[[ SUPPLIED DATA, beginning ]]

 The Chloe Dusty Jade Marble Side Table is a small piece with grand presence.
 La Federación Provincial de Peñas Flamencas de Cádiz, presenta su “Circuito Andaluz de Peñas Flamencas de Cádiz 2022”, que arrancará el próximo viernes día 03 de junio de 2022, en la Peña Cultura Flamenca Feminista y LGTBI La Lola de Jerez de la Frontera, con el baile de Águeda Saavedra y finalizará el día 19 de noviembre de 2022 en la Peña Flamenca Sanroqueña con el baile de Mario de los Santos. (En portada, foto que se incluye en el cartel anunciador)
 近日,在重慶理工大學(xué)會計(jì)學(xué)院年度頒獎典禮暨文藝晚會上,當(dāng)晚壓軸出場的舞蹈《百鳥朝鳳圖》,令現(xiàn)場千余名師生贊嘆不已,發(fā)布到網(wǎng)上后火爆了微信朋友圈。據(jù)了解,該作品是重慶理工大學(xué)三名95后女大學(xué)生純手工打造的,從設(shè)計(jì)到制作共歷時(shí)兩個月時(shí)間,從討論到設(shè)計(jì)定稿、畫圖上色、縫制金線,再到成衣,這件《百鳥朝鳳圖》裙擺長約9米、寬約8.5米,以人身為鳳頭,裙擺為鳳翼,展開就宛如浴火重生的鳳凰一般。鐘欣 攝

[[ SUPPLIED DATA, end ]]
[[ SUPPLIED DATA, beginning ]]

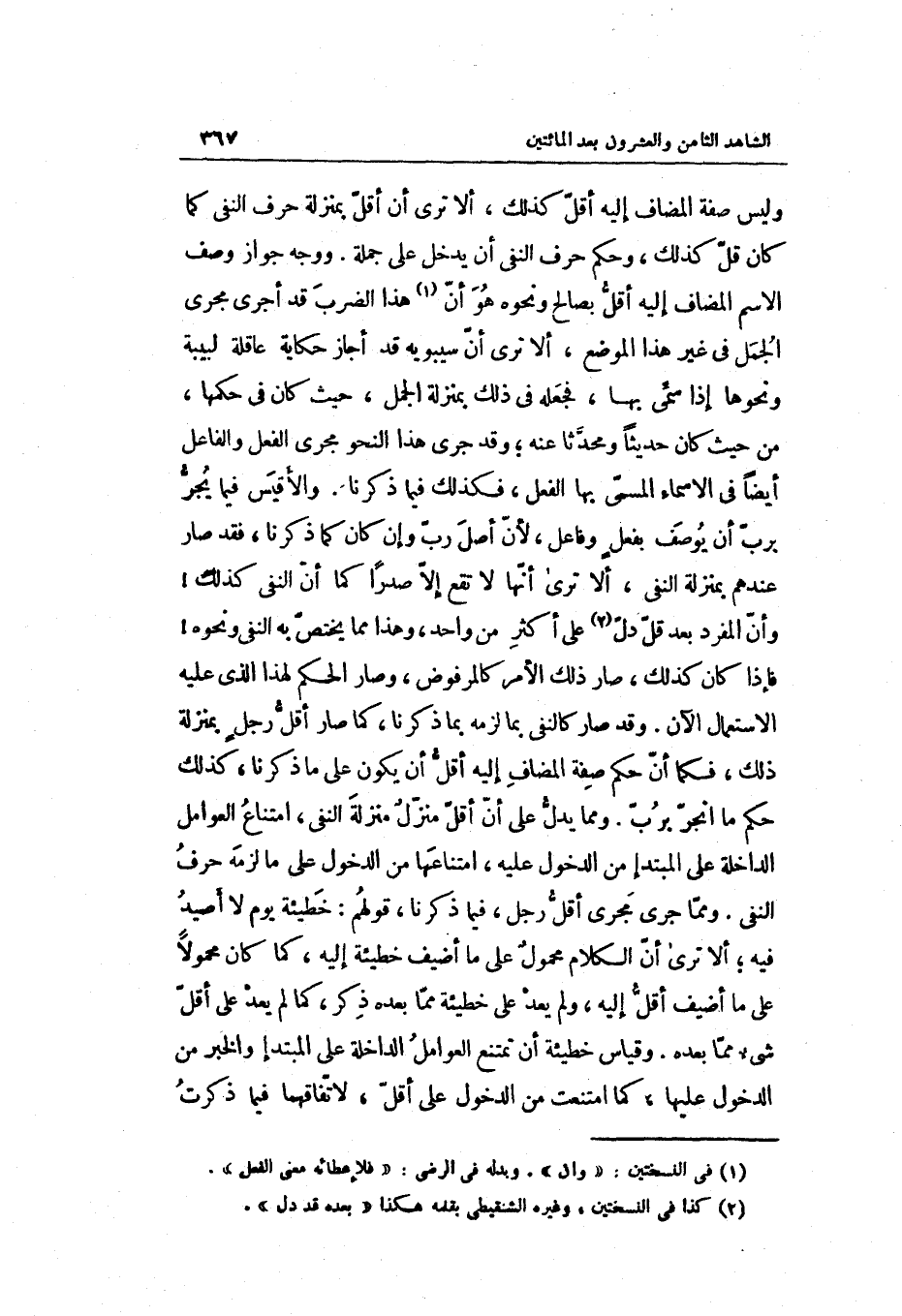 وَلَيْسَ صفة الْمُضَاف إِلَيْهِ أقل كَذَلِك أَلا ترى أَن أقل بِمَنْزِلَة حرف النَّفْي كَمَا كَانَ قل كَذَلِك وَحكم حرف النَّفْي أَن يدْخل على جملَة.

[[ SUPPLIED DATA, end ]]
[[ SUPPLIED DATA, beginning ]]

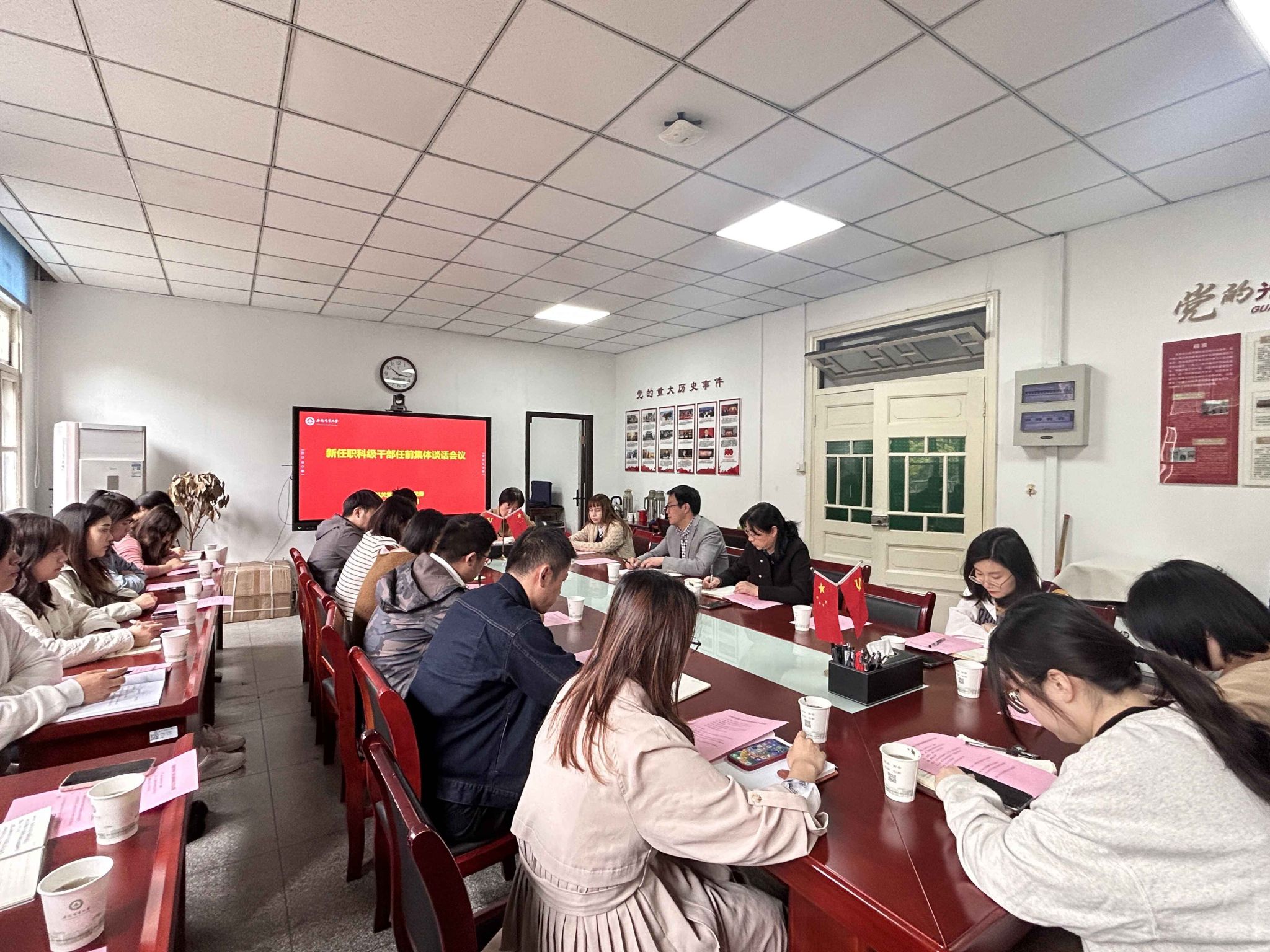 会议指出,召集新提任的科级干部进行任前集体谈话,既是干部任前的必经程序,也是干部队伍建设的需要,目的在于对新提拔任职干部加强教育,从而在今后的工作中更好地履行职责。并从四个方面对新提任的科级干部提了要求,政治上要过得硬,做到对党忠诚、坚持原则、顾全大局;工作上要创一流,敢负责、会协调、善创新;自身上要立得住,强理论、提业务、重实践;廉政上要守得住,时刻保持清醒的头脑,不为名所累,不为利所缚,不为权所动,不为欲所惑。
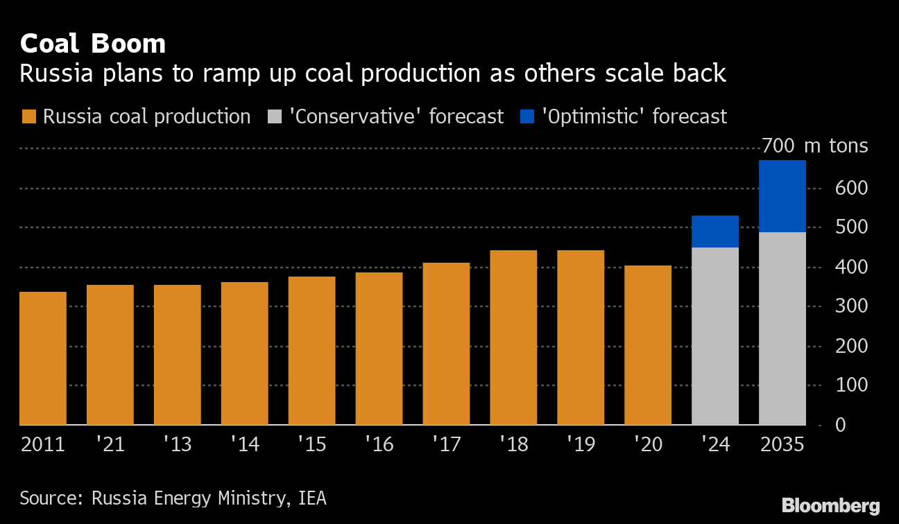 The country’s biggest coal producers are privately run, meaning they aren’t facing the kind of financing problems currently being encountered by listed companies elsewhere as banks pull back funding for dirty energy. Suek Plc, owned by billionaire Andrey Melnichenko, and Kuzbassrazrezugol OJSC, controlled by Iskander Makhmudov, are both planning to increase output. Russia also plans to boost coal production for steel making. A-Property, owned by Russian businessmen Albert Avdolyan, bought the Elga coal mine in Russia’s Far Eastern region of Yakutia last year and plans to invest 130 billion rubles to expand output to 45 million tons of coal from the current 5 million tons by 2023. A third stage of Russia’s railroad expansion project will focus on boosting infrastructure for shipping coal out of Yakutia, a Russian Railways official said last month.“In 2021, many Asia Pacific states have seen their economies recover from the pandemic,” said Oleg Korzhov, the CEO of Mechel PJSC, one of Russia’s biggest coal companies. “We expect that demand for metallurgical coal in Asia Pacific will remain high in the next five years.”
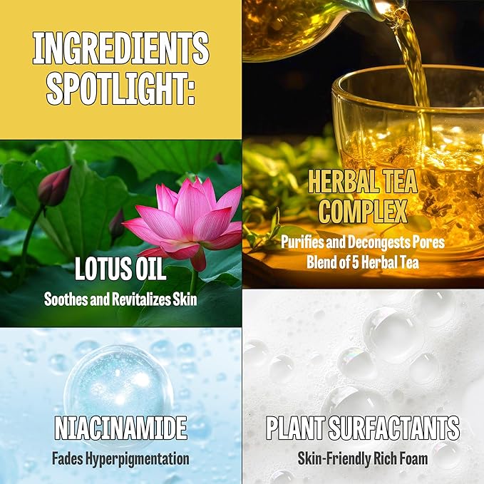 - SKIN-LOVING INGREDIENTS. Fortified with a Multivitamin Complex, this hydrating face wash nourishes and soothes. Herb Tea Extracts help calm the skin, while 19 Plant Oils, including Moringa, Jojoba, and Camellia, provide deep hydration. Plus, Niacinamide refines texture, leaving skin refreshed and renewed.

[[ SUPPLIED DATA, end ]]

TRY IT: Your answer should be the lines above from the one containing "The Chloe Dusty" through the one containing "近日,在重慶理工大學(xué", copied exactly and with both ends kept.

FINISHED TASK:
 The Chloe Dusty Jade Marble Side Table is a small piece with grand presence.
 La Federación Provincial de Peñas Flamencas de Cádiz, presenta su “Circuito Andaluz de Peñas Flamencas de Cádiz 2022”, que arrancará el próximo viernes día 03 de junio de 2022, en la Peña Cultura Flamenca Feminista y LGTBI La Lola de Jerez de la Frontera, con el baile de Águeda Saavedra y finalizará el día 19 de noviembre de 2022 en la Peña Flamenca Sanroqueña con el baile de Mario de los Santos. (En portada, foto que se incluye en el cartel anunciador)
 近日,在重慶理工大學(xué)會計(jì)學(xué)院年度頒獎典禮暨文藝晚會上,當(dāng)晚壓軸出場的舞蹈《百鳥朝鳳圖》,令現(xiàn)場千余名師生贊嘆不已,發(fā)布到網(wǎng)上后火爆了微信朋友圈。據(jù)了解,該作品是重慶理工大學(xué)三名95后女大學(xué)生純手工打造的,從設(shè)計(jì)到制作共歷時(shí)兩個月時(shí)間,從討論到設(shè)計(jì)定稿、畫圖上色、縫制金線,再到成衣,這件《百鳥朝鳳圖》裙擺長約9米、寬約8.5米,以人身為鳳頭,裙擺為鳳翼,展開就宛如浴火重生的鳳凰一般。鐘欣 攝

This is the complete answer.